= Beginning of Section =
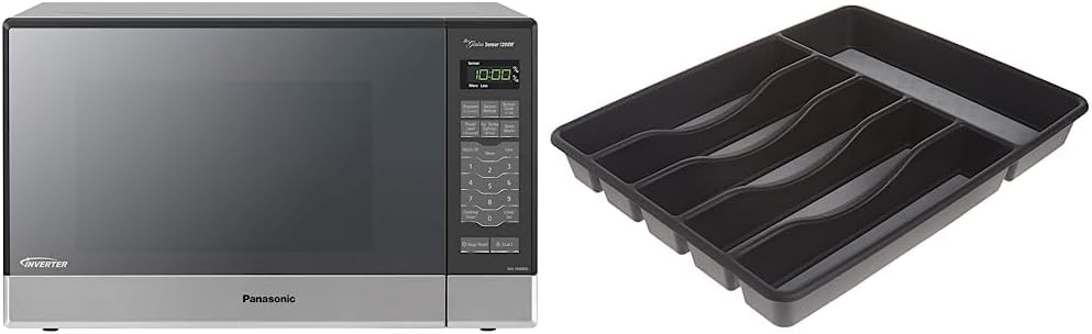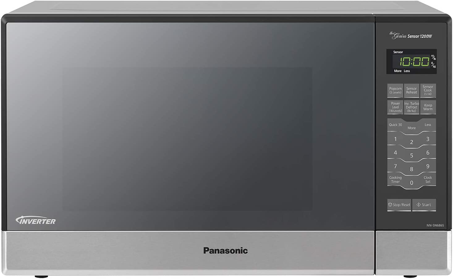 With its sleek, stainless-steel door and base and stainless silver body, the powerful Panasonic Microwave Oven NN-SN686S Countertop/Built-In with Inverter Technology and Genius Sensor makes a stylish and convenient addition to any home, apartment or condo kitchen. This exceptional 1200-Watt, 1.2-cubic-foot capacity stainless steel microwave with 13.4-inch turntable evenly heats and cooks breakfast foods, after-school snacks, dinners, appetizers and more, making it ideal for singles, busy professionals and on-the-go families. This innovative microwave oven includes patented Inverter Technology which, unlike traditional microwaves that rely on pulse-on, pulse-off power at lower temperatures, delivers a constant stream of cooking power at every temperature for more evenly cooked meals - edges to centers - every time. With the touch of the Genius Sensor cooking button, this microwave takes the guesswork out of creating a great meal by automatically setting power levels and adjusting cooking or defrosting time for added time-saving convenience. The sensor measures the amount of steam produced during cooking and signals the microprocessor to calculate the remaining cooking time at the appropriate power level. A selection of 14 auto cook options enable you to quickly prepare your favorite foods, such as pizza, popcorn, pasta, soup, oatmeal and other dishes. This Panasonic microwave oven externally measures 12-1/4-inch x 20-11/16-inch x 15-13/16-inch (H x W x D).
= End of Section =
= Beginning of Section =
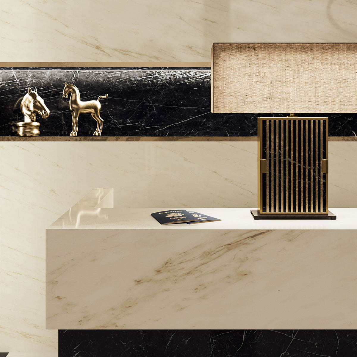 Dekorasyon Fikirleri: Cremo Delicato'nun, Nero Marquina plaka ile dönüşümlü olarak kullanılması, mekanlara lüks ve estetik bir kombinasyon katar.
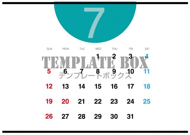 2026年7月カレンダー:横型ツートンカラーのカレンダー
= End of Section =
§ **Your objective**
From the line containing "Dekorasyon Fikirleri: Cremo" through the line containing "2026年7月カレンダー:横型ツートンカラーのカレンダー", copy every line above exactly, without pictures.

§ **Solution for this exercise**
 Dekorasyon Fikirleri: Cremo Delicato'nun, Nero Marquina plaka ile dönüşümlü olarak kullanılması, mekanlara lüks ve estetik bir kombinasyon katar.
 2026年7月カレンダー:横型ツートンカラーのカレンダー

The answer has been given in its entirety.